“跑。”
字还没落地,门就开了。
不是被推开的——是门板连同那个搭着门板的面具人一起,被靳秋手里的木门闩横着抡了出去。
“走!”
郁铮和贺兰飒同时动了。
郁铮的短刃贴着门缝递出去,划在最前面那具面具人的手腕上。没有血。短刃像劈在一段浸了水的朽木上,陷进去半寸,又被什么东西死死咬住,拔出来的时候刃口发涩。
那具面具人踉跄了半步,站稳了。手腕上的裂口没有流血,裂开的木茬底下,不是骨头,是一团团发黑的、缠在一起的东西。

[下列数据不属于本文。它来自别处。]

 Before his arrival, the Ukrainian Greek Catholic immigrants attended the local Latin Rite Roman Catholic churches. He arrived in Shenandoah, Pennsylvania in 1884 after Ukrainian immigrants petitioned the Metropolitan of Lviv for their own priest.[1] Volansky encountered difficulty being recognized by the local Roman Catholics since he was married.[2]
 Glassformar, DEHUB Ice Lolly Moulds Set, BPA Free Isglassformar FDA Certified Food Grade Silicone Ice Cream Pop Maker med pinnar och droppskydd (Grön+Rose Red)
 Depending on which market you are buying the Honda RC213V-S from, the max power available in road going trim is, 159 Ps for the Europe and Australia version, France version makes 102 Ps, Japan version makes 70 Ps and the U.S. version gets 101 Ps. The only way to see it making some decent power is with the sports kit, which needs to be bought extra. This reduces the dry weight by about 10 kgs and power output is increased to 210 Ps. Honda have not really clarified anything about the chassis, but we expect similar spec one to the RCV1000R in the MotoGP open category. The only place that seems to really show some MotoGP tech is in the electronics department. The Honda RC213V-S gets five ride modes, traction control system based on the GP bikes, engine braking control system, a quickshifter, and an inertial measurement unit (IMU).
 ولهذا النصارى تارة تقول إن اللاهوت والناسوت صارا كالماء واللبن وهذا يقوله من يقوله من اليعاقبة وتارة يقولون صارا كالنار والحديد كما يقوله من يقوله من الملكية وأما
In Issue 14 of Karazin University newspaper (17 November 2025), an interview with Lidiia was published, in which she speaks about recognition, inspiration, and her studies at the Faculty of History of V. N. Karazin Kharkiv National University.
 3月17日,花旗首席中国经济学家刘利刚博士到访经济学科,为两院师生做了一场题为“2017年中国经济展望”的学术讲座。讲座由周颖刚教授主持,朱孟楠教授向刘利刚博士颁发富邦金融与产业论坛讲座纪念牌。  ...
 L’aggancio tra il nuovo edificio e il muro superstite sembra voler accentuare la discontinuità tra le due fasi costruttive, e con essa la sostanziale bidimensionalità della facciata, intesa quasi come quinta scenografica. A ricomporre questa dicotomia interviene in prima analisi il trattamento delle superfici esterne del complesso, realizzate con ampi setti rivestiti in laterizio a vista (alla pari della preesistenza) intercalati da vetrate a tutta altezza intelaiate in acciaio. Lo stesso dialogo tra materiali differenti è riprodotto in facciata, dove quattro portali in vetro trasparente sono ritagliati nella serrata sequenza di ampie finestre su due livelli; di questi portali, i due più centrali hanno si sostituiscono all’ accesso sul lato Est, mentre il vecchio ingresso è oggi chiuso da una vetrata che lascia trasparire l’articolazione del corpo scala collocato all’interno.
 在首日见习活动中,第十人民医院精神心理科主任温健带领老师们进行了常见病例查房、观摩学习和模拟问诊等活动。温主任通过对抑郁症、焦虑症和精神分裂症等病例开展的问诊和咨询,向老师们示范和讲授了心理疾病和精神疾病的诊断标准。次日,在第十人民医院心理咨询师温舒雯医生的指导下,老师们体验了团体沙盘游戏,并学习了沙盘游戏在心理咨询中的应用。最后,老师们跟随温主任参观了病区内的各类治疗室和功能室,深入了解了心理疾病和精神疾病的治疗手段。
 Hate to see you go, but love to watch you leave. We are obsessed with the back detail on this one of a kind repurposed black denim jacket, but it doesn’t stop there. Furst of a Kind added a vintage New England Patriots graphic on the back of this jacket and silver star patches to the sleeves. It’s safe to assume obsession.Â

“那是什么?”荆渡声音都劈了,“里面填的什么东西?!”
“喊什么喊,跑你的!”贺兰飒一脚踹翻窗边另一具,折叠铲抡圆了砸在它脸上。
木屑四溅。那张笑脸面具歪了,露出面具后面半张人脸——是人脸,皮还在,眼却没有眼白,整个眼眶是两个浑浊的黑洞。它被砸偏了头,脚下只停了一瞬,又直直地转回来。
六个人从破门洞里冲出去。
七栋空楼围成的圈里全是人。
不,不是人。二十几个,三十个,戴着一张张傩面,在月光下静静地站着。他们破门的动静一起,那些面具齐刷刷地转了过来——动作不是转脖子,是整个身子一起转,像被一只看不见的手拨了一下。
“往东!”贺兰飒大吼。她在最外圈探过路,认得方向。
六个人一头扎进楼与楼之间的夹道。
身后的脚步声这才响起来。不是追——是整群人同时迈步,又齐又沉,踏得地皮发颤。
“它们怎么不跑?”荆渡瘸着一条腿,被姜辞架着,气喘得像拉风箱。
“不用跑。”靳秋回头看了一眼,头皮发麻。那群面具人不疾不徐,迈着祭舞一样的步子,却在以一种诡异的速度逼近,“它们比我们快。”
“这话你早不说!”
“我也是刚知道!”
夹道尽头是一堵矮墙。郁铮先翻,反手把隗声拉上去,再是姜辞、荆渡。靳秋托了最后一把,贺兰飒殿后——她翻上墙的时候,一只青白的手抓住了她的脚踝。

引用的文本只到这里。